• Exercise brief:
Repeat the records below exactly, beginning at the first line and finishing with the line that contains "[US] Genevive sterling".

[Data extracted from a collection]
= = = = =

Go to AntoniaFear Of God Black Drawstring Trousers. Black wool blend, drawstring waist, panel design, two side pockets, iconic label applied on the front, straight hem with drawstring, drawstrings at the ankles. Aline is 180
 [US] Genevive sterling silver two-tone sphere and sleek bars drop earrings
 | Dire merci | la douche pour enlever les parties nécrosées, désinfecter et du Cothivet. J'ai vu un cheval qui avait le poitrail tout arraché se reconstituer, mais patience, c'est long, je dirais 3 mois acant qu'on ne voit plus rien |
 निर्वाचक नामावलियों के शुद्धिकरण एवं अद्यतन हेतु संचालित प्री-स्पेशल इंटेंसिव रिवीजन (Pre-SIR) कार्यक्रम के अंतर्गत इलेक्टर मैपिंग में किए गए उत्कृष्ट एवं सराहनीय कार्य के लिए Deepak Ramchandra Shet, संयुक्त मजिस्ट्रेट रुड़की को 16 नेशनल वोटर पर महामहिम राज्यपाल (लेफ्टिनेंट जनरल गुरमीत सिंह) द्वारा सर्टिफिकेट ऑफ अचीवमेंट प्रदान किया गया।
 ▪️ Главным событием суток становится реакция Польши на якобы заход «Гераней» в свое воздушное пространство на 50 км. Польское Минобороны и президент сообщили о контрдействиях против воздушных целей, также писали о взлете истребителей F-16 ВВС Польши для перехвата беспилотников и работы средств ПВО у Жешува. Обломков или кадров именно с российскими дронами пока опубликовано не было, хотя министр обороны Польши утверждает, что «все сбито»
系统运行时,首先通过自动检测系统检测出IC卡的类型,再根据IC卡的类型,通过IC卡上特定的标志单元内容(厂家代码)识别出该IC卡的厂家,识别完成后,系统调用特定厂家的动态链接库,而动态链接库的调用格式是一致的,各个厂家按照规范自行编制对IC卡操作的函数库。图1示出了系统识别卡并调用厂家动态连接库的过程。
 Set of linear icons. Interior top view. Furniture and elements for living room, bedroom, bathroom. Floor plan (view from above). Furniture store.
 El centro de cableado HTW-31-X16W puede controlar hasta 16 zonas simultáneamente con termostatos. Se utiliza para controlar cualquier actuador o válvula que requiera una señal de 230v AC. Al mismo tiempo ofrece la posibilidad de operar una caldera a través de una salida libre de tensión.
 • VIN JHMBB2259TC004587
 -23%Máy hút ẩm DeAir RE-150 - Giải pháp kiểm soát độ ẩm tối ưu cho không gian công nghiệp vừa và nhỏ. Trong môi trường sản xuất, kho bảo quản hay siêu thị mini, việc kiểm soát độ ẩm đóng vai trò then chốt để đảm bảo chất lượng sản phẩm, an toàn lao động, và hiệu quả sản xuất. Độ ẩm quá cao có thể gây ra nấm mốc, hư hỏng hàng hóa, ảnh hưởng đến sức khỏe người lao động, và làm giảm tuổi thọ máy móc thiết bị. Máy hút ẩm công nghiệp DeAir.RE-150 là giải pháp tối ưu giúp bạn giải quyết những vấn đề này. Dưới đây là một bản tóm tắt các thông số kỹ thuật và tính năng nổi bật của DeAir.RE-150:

= = = = =

• Reply:
Go to AntoniaFear Of God Black Drawstring Trousers. Black wool blend, drawstring waist, panel design, two side pockets, iconic label applied on the front, straight hem with drawstring, drawstrings at the ankles. Aline is 180
 [US] Genevive sterling silver two-tone sphere and sleek bars drop earrings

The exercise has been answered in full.